Recorded information:
***

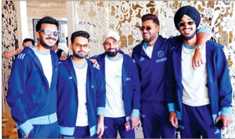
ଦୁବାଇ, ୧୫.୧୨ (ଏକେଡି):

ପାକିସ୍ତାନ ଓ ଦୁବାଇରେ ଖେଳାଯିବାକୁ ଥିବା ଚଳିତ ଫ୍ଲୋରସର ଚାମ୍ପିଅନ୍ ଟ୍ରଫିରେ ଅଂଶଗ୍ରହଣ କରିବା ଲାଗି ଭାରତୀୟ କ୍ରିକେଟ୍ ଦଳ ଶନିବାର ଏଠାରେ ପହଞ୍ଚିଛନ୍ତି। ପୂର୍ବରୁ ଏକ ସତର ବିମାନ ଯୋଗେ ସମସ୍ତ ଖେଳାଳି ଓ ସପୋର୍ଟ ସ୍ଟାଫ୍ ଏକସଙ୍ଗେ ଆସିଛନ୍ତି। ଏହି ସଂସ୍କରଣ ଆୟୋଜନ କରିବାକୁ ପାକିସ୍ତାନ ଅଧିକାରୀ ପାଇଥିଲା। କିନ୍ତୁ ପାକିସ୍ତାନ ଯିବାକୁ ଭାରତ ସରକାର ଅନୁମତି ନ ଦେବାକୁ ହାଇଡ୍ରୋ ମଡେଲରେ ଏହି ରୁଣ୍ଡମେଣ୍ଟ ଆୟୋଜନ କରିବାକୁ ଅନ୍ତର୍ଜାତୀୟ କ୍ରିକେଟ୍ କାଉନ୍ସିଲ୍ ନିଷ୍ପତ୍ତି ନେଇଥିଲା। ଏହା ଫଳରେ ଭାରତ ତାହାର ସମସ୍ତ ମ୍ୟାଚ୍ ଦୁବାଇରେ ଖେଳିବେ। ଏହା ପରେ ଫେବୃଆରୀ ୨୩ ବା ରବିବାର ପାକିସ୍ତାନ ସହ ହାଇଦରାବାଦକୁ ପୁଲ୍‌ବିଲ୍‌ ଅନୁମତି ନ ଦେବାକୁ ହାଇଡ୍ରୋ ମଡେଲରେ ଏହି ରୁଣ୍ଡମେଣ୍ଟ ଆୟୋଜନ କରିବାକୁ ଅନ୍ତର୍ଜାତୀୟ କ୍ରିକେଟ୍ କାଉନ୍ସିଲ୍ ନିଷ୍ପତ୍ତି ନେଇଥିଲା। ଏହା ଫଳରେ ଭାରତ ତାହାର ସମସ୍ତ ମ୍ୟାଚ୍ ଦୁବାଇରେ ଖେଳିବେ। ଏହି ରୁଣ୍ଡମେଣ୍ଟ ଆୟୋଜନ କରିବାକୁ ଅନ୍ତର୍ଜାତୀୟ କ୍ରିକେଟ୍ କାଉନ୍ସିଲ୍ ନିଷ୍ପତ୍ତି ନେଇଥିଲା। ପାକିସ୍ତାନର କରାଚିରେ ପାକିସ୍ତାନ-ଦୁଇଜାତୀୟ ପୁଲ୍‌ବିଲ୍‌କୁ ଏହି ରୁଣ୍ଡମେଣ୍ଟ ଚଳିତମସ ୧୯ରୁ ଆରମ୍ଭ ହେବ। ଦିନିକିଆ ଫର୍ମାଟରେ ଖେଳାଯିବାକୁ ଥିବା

***

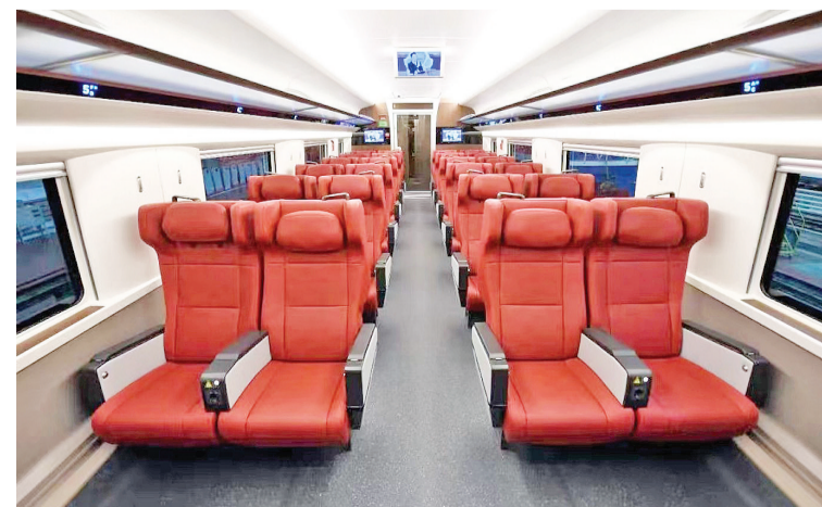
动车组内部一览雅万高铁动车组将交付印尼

***

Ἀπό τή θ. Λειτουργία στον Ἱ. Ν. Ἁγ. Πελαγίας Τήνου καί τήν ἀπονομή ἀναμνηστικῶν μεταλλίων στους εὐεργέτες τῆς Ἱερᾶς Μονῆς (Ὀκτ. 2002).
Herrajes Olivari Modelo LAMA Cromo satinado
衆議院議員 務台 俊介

***

Task requirements:
All that is wanted is a faithful reproduction of the line above with "Ἀπό τή θ. Λειτουργία", the line with "衆議院議員 務台 俊介", and every line in between.

Answer box:
Ἀπό τή θ. Λειτουργία στον Ἱ. Ν. Ἁγ. Πελαγίας Τήνου καί τήν ἀπονομή ἀναμνηστικῶν μεταλλίων στους εὐεργέτες τῆς Ἱερᾶς Μονῆς (Ὀκτ. 2002).
Herrajes Olivari Modelo LAMA Cromo satinado
衆議院議員 務台 俊介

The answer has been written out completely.